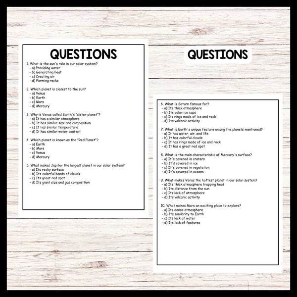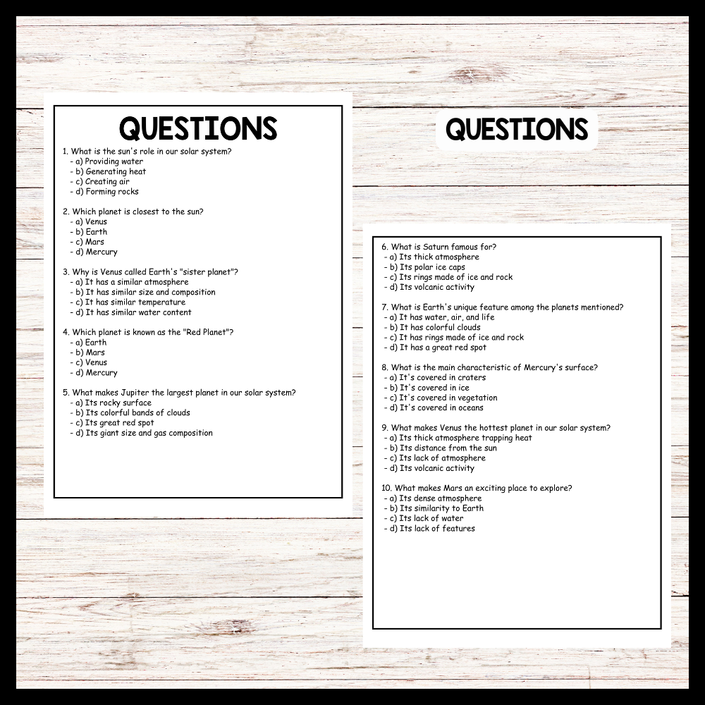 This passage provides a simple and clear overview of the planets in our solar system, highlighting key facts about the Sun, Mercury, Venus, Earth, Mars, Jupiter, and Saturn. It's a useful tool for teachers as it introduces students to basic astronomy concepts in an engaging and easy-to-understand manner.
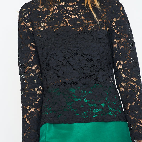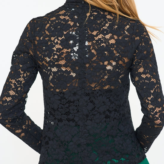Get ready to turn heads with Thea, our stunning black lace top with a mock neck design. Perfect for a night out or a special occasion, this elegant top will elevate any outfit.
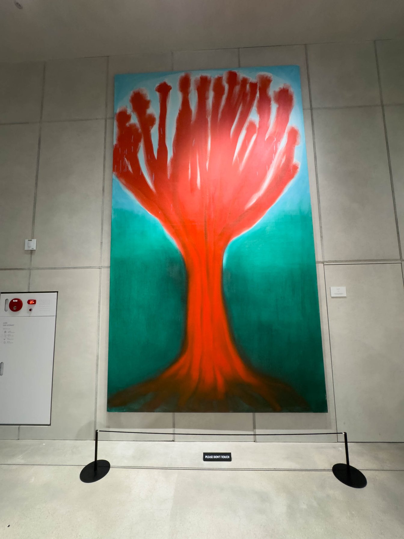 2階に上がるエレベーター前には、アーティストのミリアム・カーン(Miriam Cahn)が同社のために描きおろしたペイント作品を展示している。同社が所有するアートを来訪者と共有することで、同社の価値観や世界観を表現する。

● Your assignment
Copy the data above line for line, skipping every picture.

● Result below
 This passage provides a simple and clear overview of the planets in our solar system, highlighting key facts about the Sun, Mercury, Venus, Earth, Mars, Jupiter, and Saturn. It's a useful tool for teachers as it introduces students to basic astronomy concepts in an engaging and easy-to-understand manner.
Get ready to turn heads with Thea, our stunning black lace top with a mock neck design. Perfect for a night out or a special occasion, this elegant top will elevate any outfit.
 2階に上がるエレベーター前には、アーティストのミリアム・カーン(Miriam Cahn)が同社のために描きおろしたペイント作品を展示している。同社が所有するアートを来訪者と共有することで、同社の価値観や世界観を表現する。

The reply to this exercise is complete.